According to charging documents, after seeing someone smash a sign in Pelosi’s office, Merry told Hernandez to “get you a piece,” which she held in photos.

The woman who died in Wednesday’s crash leaves behind two sons, ages 10 and 15, the St Louis Post-Dispatch reported.

“She had a heart of gold,” Victoria’s mom Tonie Donaldson told the outlet, adding that her daughter was a home healthcare aide who worked with disabled people. “Not everyone can work with mentally challenged children, and she’s done it since she was 13.”

During a hearing after Hernandez turned herself in to the FBI last year, prosecutors had not recommended that she be jailed until trial.

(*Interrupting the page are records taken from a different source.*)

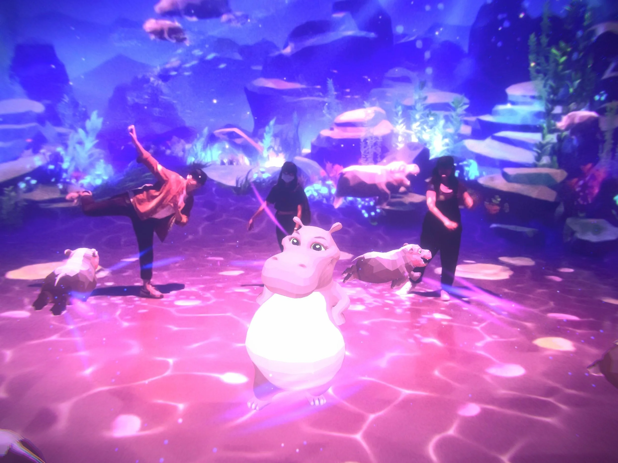 帝江化身的互動式拍打虛擬的鼓,鶴之舞是餵食虛擬的鶴,河馬圓舞曲則是讓拍打海裡的圈環,同一個時間牆上跟地上的物件也可以拍打產生變化,帝江化身是我第二次看,這次有加入旁白覺得體驗比較完整。
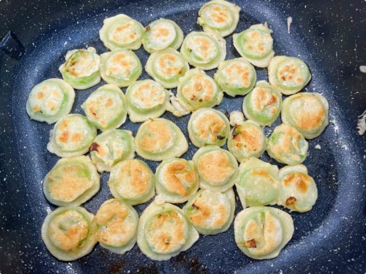 Heat a non-stick skillet over medium-low heat. Brush with the merest film of oil—too much would betray the dish’s essence. Carefully place battered luffa slices onto the warm surface. A soft sizzle arises as delicate golden lace forms at the edges. Patiently wait two minutes until the underside turns a luscious caramel hue. Flip gracefully with chopsticks, searing the other side to a crisp, sunlit gold. Behold: each piece emerges like a miniature harvest moon—edges crackling, while within lies a hidden reservoir of emerald-green summer freshness.
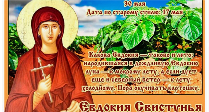 ТЕЛЕГРАММ замедляется.Вероятно скоро его заблокируют.Чтобы не потерять нас и получать оперативно информаци. подпишись на наши каналы в МАХ.Кто еще не подписался В полностью Российской сети МАХ на каналы ВОЕННЫЕ ПЕНСИОНЕРЫ ЗА РОССИЮ И ЕЕ ВООРУЖЕННЫЕ СИЛЫ: Канал для Военных пенсионерах без войны и политики, Военных пенсиях,пенсиях жен военных пенсионеров ,жизни военных пенсионеров и о способах прожить дольше : https://max.ru/voennyepen За Родину .Мы победим.: Оперативная информация О Спецоперации ,политике на канале: https://max.ru/join/aXh9SdoNhgk2rhy901ENolzCyoGLJhMgpon7E6np9n0 СРОЧНО ПОДПИСЫВАЙСЯ и ты будешь в курсе оперативных событий.НЕ пропусти!!! В Телеграмм создана группа " Военные пенсионеры за Россию и ее ВС. Мы победим". У кого есть Телеграмм просим вступить в нее. Там много интересного, срочного, очень оперативная информация, а также чего нельзя помещать в ОДНОКЛАССНИКАХ и на сайте. Вступить можно по ссылке: Военные пенсионеры за Россию и ее ВС. Мы победим "https://t.me/voenpenszaRossiu" Очень большая просьба НЕ ОТПИСЫВАТЬСЯ ОТ КАНАЛА, Канал работает в тестовом режиме. Мы стараемся понять, что Вам будет интересно читать и как работать дальше. Пишите, что бы Вам хотелось читать в ТЕЛЕГРАММ. Хоть в любой теме на сайте, хоть в Телеграмм. Чтобы не раздражали уведомления их можно ОТКЛЮЧИТЬ. Кого раздражают уведомления в Телеграмм их можно отключить. Отключить уведомления можно нажав на надпись ОТКЛЮЧИТЬ УВЕДОМЛЕНИЯ внизу Дата в 2025 году: 30 мая , пятница Другие названия: День Евдокии-Свистуньи; Евдокия; Евфросинья; Ефросиния; свистуха; Адриан; Ондрон с дождем Церковное название: Преподобной Евфросинии (в инокинях Евдокии), великой княгини Московской Значение: День памяти святой Евфросинии Московской Традиции: Предсказание погоды на лето; обряды для призыва дождя Народный праздник Евдокия Свистунья отмечается 30 мая 2025 года (дата по старому стилю – 17 мая). По церковному календарю в этот день почитается преподобная Евфросиния Московская. Название «Свистунья» праздник получил из-за ветров, которые свистят в этот период. История Преподобная Евфросиния родилась в 1353 году в княжеской семье. Ее отец, князь Суздальский Димитрий, и мать, княгиня Анна, воспитали дочь в послушании и любви к Богу. Когда девочке исполнилось 14 лет, они обвенчали ее с князем Московским Димитрием Донским. Молодые поженились по любви. Их союз привел к миру двух княжеств. Главной опорой и поддержкой Евфросинии была любовь к Господу. Муж разделял с супругой милосердие, посты и молитвы. С 1389 года, после смерти благоверного князя Димитрия от неизлечимой болезни, и по 1407 год Евфросиния воспитывала детей, возводила храмы и монастыри. Когда в последний год ее жизни ей привиделся архангел Михаил и оповестил о скорой кончине, она решила оставить престол и стать монахиней. Приняла постриг с именем Евфросиния, прожила еще несколько месяцев и мирно отошла к Господу. Чудесные деяния начались во время шествия святой к своей последней обители – Вознесенскому монастырю. 30 человек, которые прикоснулись к ее одеждам, исцелились от разных болезней. Традиции и обряды В этот день следят за погодой. По ней предсказывают, каким будет летний сезон. Призывают небесного сторожа Ондрона, он же Адриан, в помощь посевам. Легенда гласит, что этот святой хранит у себя ключи от небесных врат, которые удерживают дождевые тучи. При засухе люди прося
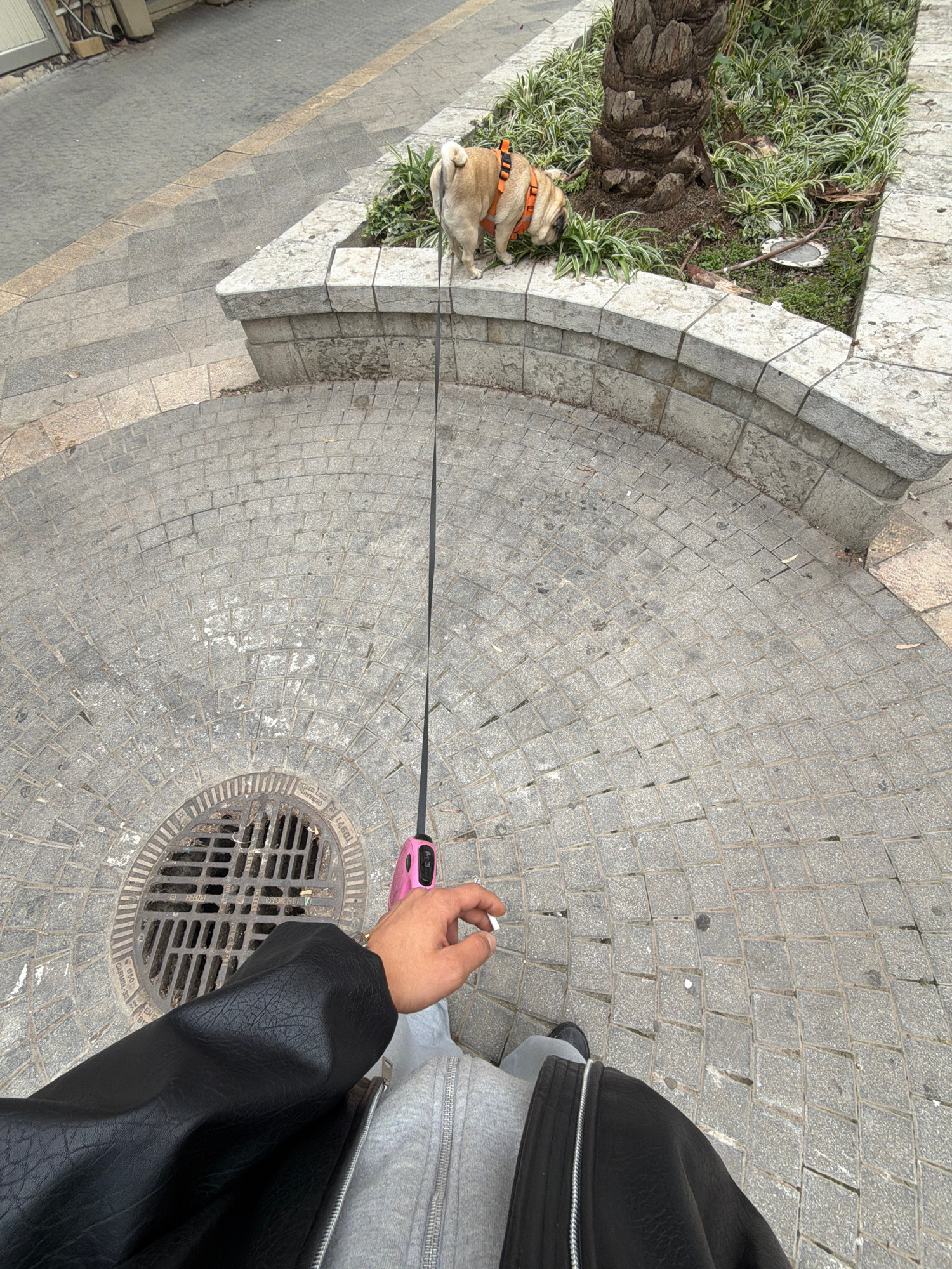 A pug wearing an orange harness lies on a patch of greenery next to a stone ledge. A black leash connects the pug to a pink retractable leash held by a person standing on a gray tiled sidewalk. The pe…read more
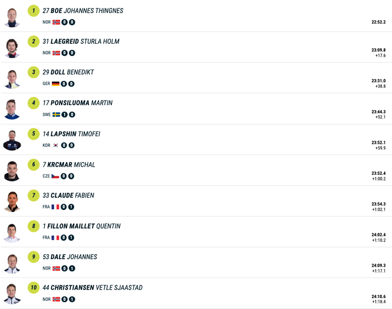 Тройката в третия спринт за сезона затвори бившият световен шампион в дисциплината Бенедикт Дол от Германия, който направи едно от малкото си състезания с безгрешна стрелба. Въпреки това представителят на бундестима остана на 38.8 секунди зад победителя.
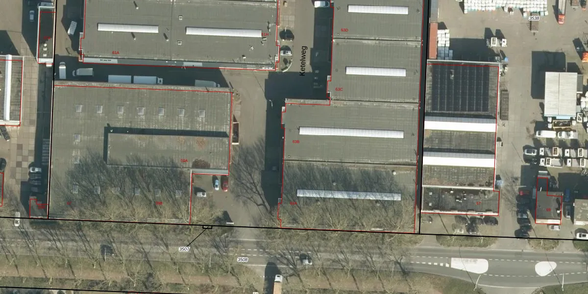 Het perceel waarop Ketelweg 63-B staat heeft een oppervlakte van 2,0 ha. Dit is een zeer groot perceel. De perceeloppervlakte wordt geregistreerd door het Kadaster. Gedetailleerde informatie over de maten van dit perceel kunt u vinden in het rapport Kadastrale kaart met maatvoering van Ketelweg 63-B.

At the time, she was ordered released on bond but was prohibited from contact with law enforcement as a condition of her release.

Mourning her daughter’s death, Donaldson questioned why Hernandez wasn’t in custody.

“Why is she still out?” Donaldson told the outlet. “With what she did to the government, why is she still walking the street? To me, she’s a piece of [expletive]. At 7 o’clock, you’re drunk and she got on the highway drunk?”